Certificate Transparency Logs for Subdomain Discovery

Updated By SurfaceLoop Team 5 min read Subdomain Enumeration

What is certificate transparency?

Certificate transparency (CT) is a framework that requires Certificate Authorities to publish every certificate they issue to public, append-only logs. It was developed by Google and standardised in RFC 6962 to address a fundamental problem: CAs could issue certificates for any domain, and domain owners had no way to know about or challenge mis-issued certificates.

The security benefit is auditability. Domain owners can monitor CT logs for unexpected certificates issued for their domains - a signal of CA compromise or fraudulent issuance.

The side benefit - and the one relevant to attack surface management - is that CT logs create a comprehensive, searchable record of every domain and subdomain that has ever had a public certificate.

How do you query CT logs for subdomains?

crt.sh

The most accessible interface to CT logs is crt.sh, a free web service maintained by Sectigo. Search for %.example.com to find all certificates issued for any subdomain of example.com.

The results include:

  • The certificate’s Subject Alternative Names (SANs) - every domain the certificate covers
  • The issuing CA
  • The issuance date and expiry
  • The certificate serial number

A single wildcard query against crt.sh often reveals hundreds of subdomains that don’t appear in any other public source.

Certstream

Certstream provides a real-time feed of newly issued certificates across all CT logs. Security teams can monitor this feed for certificates matching their domains, getting notified within seconds of a new certificate being issued.
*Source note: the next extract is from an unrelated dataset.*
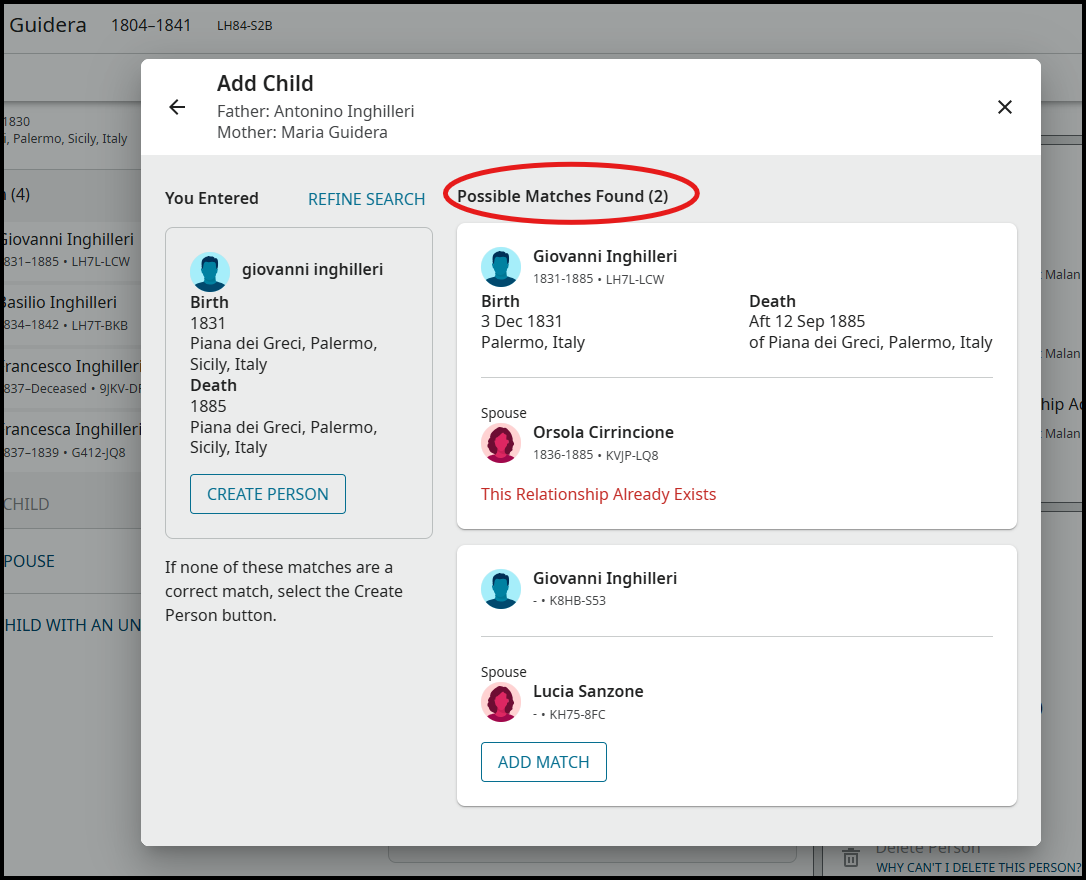 Start with yourself. Add your parents and your grandparents to connect with other deceased people already existing in the FamilySearch Tree. What you are doing is working from yourself back one generation at at time. You will need to add any living ancestors to connect to deceased ancestors who may already exist in the FamilySearch Tree. When you add people, the system searches for possible candidates who already exist in the tree. You might see a pop-up that reads Possible Matches Found:

This is useful for detecting:

  • Shadow IT creating new services with public certificates
  • Phishing attempts using similar-looking domain names
  • Unexpected wildcard certificates

CT log APIs

For programmatic access, you can query CT logs directly:

  • Google’s Argon and Xenon logs
  • Cloudflare’s Nimbus log
  • Let’s Encrypt’s Oak log

Most subdomain enumeration tools (Subfinder, Amass) include CT log querying as one of their passive sources.
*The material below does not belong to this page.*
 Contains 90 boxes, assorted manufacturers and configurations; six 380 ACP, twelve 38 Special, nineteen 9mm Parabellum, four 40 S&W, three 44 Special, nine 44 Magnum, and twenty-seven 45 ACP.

What do CT logs reveal about your attack surface?

CT log queries surface subdomains that other techniques miss:

Internal services with public certificates. Many organisations use public CAs (especially Let’s Encrypt) for internal services - it’s simpler than running a private CA. This means grafana.internal.example.com, jenkins.corp.example.com, and vpn.example.com appear in CT logs even if they resolve only on internal networks.

Historical subdomains. CT logs are append-only. A certificate issued three years ago for old-app.example.com remains in the log permanently. Even if the service was decommissioned and the DNS record removed, the CT log entry persists - and the DNS record might still exist.
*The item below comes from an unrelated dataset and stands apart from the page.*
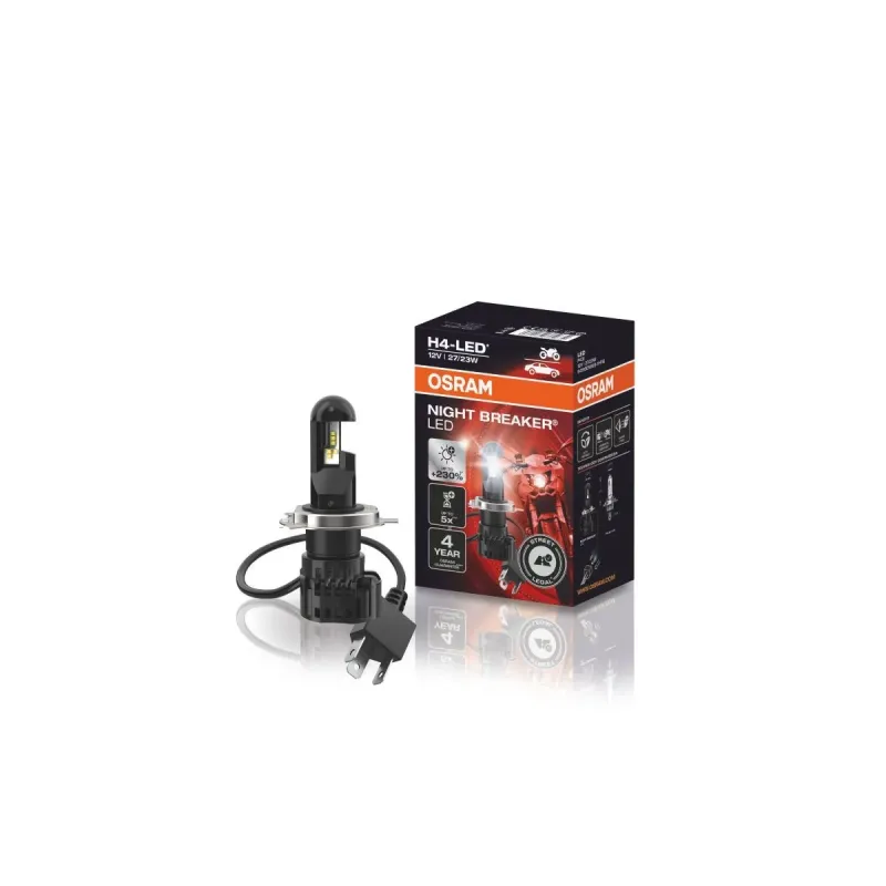 Bombilla LED H4 Osram Night Breaker HOMOLOGADA EN ESPAÑA de Osram con referencia 64193DWNB con una tonalidad de 6000K Luz Blanca Frío con una intensidad de 1.650Lm/1000Lm y una potencia de 27W/23W, es mas brillante que las Bombillas Halógenas convencionales, Bombilla para cortas y largas y valida para casquillo H4, gama Homologada para Moto.

Wildcard patterns. Wildcard certificates (*.example.com, *.dev.example.com) reveal naming conventions. Knowing that an organisation uses a *.dev.example.com wildcard tells you that development services exist under that subdomain pattern - even though the wildcard doesn’t list individual services.

Third-party service integrations. When a SaaS platform provisions a custom domain certificate for your subdomain (e.g., help.example.com on Zendesk), that certificate appears in CT logs.

What are the limitations of CT log discovery?

CT logs are powerful but not complete:

No coverage for services without TLS. Services running on plain HTTP or non-web protocols (SSH, databases, SMTP without STARTTLS) don’t have certificates and won’t appear in CT logs.

No private CA coverage. Organisations using internal private CAs for their infrastructure won’t have those certificates in public CT logs. Large enterprises often use private CAs for internal services.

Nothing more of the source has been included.